- Remote attackers can exploit pre-authentication RCE vulnerabilities in Adobe ColdFusion 2021 to seize control of affected systems.
- Adobe has released security patches to address these vulnerabilities, but attackers are still exploiting them.
- The attack campaign involves multiple stages, including probing, reverse shells, and the deployment of malware.
- Four distinct malware strains have been identified: XMRig Miner, Satan DDoS/Lucifer, RudeMiner, and BillGates/Setag backdoor.
- Users are advised to upgrade their systems promptly and deploy protection mechanisms to thwart ongoing attacks.
Numerous users of both Windows and macOS platforms are currently at risk due to vulnerabilities present in Adobe ColdFusion. This software suite, a popular choice for web application development, recently came under attack as remote attackers discovered and exploited pre-authentication remote code execution (RCE) vulnerabilities. Such vulnerabilities granted attackers the ability to seize control of affected systems, raising the alarm to a critical severity level.
The crux of these attacks targets the WDDX deserialization process within Adobe ColdFusion 2021. While Adobe responded swiftly with security updates (APSB23-40, APSB23-41, and APSB23-47), FortiGuard Labs observed continued exploitation attempts.
An analysis of the attack patterns uncovered a process executed by the threat actors. They initiated probing activities using tools like “interactsh” to test the exploit’s effectiveness. These activities were observed involving multiple domains including mooo-ngcom, redteamtf, and h4ck4funxyz. The probing phase provided attackers insights into potential vulnerabilities and served as a precursor to more malicious actions.
The attack campaign’s sophistication extended to the utilization of reverse shells. By encoding payloads in Base64, attackers sought to gain unauthorized access to victim systems, enabling remote control.
Notably, the analysis disclosed a multi-pronged approach, including the deployment of various malware variants. Attacks were launched from distinct IP addresses, raising concerns about the campaign’s widespread reach. Malware payloads were encoded in Base64, concealing their true nature until decoded. Researchers identified four distinct malware strains at play: XMRig Miner, Satan DDoS/Lucifer, RudeMiner, and BillGates/Setag backdoor.

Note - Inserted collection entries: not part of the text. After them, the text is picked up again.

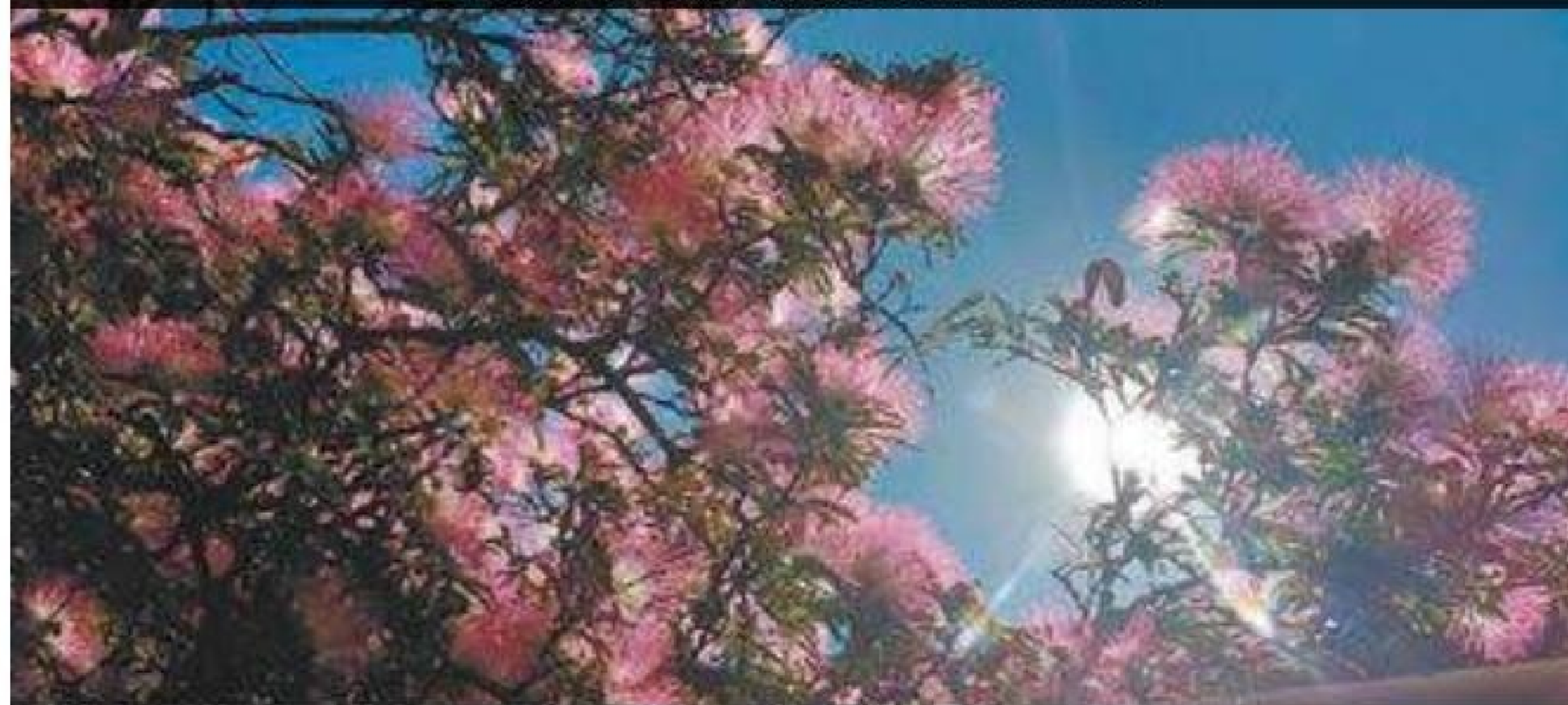
Efeito – A leitora Isa Caroline decidiu registrar a beleza da luz do Sol em contraste com os galhos floridos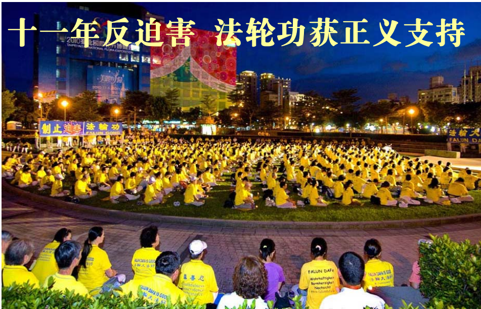
图：二零一零年七月十八日，台湾北区上千名法轮功学员在台北信义广场举办“彰显正义良知、制止中共血腥迫害”的活动。

（明慧记者容法比利时报导）法轮功学员反迫害十一年之际，欧、美、亚、澳的各国法轮功学员们纷纷举行集会游行等活动，呼吁制止中共的迫害，呼唤良知。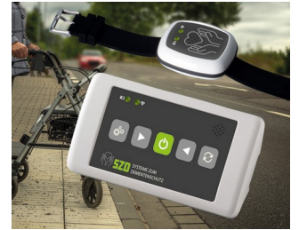
Dementia Protection System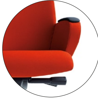
MECHANIZM SL MECHANISM SL

regulacja podparcia odcinka lędźwiowego lumbar support adjustment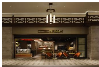
東京ミッドタウン日比谷店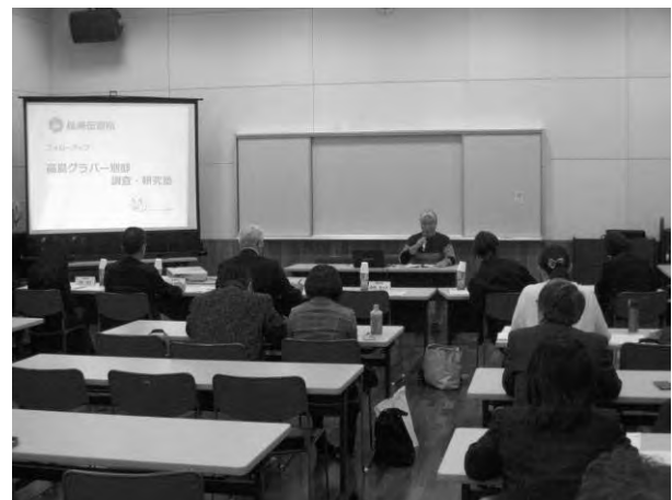
フォローアップ補助金審査会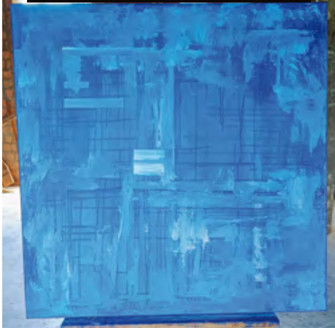
Des larmes qui se tissent, Acrylique sur toile, 2024, 100 cm x 100 cm

Cette couverture du magazine s'intitule « Partageons le monde » sur le thème de l'ODD 10 (Objectif de Développement Durable) sur la réduction de l'inégalité. Pour moi, cela commence par le respect mutuel à travers des carrés de diverses couleurs et de textures qui représentent un foyer, une communauté, une société voire un pays. Chaque carré est espacé d'une distance égale, et c'est cette distance-là qui signifie le respect. Cette œuvre a été réalisée dans le cadre de SDGs Through Art, un collectif de 17 artistes malgaches sous l'initiative de ZeeArts fondée par Zaahirah Muthy.

The XMRig Miner, primarily associated with Monero cryptocurrency mining, was harnessed to hijack system processing power. By utilizing version 6.20.0, attackers managed to capitalize on compromised systems for their own financial gain.
A hybrid bot combining cryptojacking and distributed denial of service (DDoS) functionalities, Lucifer emerged as a formidable entity. This malware variant showcased not only its mining capabilities but also its adeptness in command and control operations, propagation through vulnerabilities, and sophisticated DDoS attacks.
RudeMiner, connected to Lucifer, carried a DDoS attack legacy from previous campaigns. Its involvement in the ongoing threat landscape demonstrated its persistence and adaptability, marking it as a significant concern.
The BillGates/Setag backdoor, previously associated with Confluence Server vulnerabilities, resurfaced in this context. Its multifaceted capabilities encompassed system hijacking, C2 communication, and diverse attack methods, including SYN, UDP, ICMP, and HTTP-based attacks.
Despite the availability of security patches, the continuous stream of attacks underscores the urgency of action. Users are strongly advised to upgrade their systems promptly and to deploy protection mechanisms including antivirus services, IPS signatures, web filtering, and IP reputation tracking, to thwart ongoing attacks.